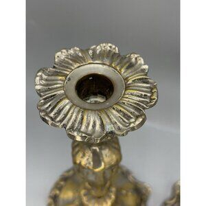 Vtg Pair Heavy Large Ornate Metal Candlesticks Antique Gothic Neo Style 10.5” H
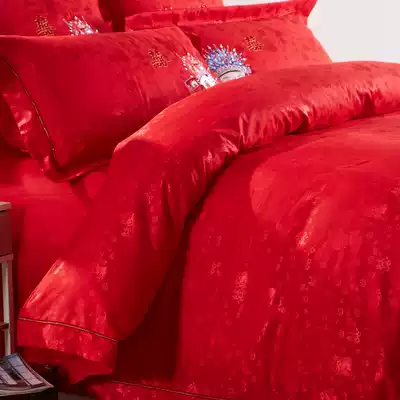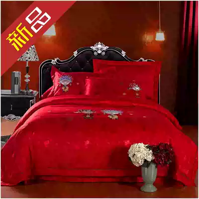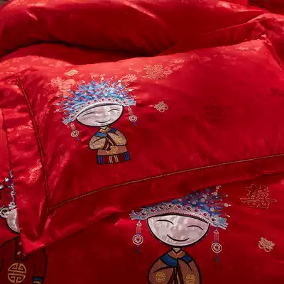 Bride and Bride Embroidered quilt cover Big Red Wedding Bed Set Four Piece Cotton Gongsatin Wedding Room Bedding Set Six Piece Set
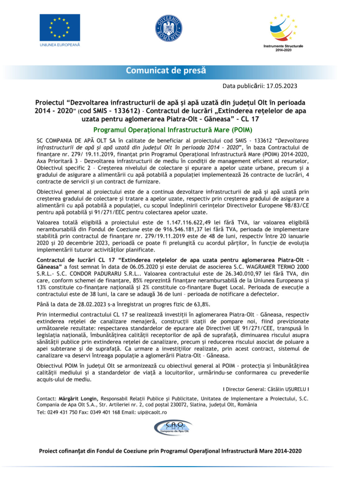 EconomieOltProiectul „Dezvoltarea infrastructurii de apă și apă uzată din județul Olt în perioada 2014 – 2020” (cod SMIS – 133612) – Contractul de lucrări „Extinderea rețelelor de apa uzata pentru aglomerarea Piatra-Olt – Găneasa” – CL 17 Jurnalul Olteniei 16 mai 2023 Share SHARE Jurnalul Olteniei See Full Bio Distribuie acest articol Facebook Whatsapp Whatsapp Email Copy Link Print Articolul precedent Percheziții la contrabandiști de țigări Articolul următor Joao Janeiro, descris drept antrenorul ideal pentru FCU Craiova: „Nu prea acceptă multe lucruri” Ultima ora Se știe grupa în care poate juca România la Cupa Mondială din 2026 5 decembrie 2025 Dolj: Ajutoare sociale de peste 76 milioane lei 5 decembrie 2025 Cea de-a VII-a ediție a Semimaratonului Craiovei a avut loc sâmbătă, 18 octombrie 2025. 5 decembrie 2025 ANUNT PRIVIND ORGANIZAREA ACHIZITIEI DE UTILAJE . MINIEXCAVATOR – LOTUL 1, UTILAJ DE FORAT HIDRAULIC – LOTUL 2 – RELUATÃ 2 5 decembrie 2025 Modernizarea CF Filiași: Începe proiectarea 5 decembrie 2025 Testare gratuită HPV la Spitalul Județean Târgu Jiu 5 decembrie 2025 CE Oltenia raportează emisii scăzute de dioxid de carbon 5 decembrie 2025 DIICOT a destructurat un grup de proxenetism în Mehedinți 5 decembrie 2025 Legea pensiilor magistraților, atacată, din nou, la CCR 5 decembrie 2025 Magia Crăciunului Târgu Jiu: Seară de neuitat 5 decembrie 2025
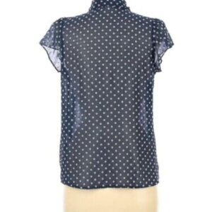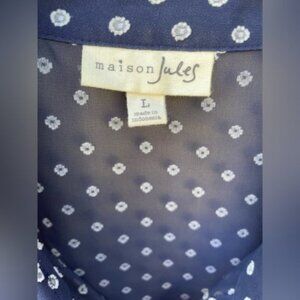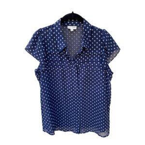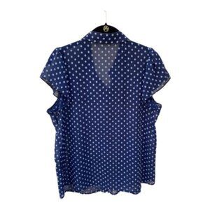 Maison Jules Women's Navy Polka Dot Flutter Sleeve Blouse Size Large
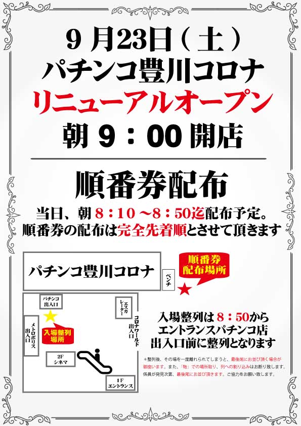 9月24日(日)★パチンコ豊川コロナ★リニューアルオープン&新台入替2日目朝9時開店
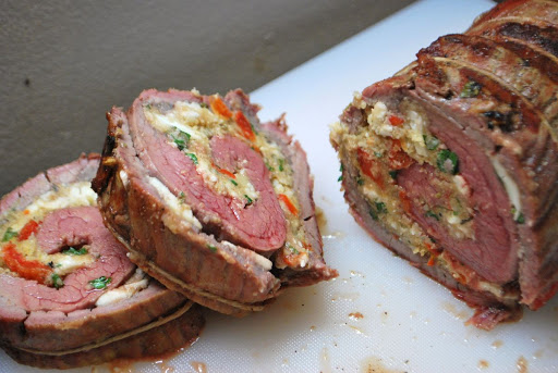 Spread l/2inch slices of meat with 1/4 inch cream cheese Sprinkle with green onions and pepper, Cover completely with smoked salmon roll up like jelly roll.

==*==

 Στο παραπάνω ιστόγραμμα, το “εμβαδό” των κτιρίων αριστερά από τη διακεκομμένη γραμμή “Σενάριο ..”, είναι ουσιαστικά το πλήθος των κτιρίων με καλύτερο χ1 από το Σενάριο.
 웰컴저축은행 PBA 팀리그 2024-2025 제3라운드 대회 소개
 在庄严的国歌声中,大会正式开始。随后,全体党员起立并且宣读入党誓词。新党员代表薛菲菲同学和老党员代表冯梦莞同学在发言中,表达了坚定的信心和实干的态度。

==*==

__PROBLEM__.
Out of the records above, please copy exactly the lines from the line with "Vtg Pair Heavy" up to and including the line with "Bride and Bride", minus the pictures.

__PROBLEM SOLUTION__.
 Vtg Pair Heavy Large Ornate Metal Candlesticks Antique Gothic Neo Style 10.5” H
 Bride and Bride Embroidered quilt cover Big Red Wedding Bed Set Four Piece Cotton Gongsatin Wedding Room Bedding Set Six Piece Set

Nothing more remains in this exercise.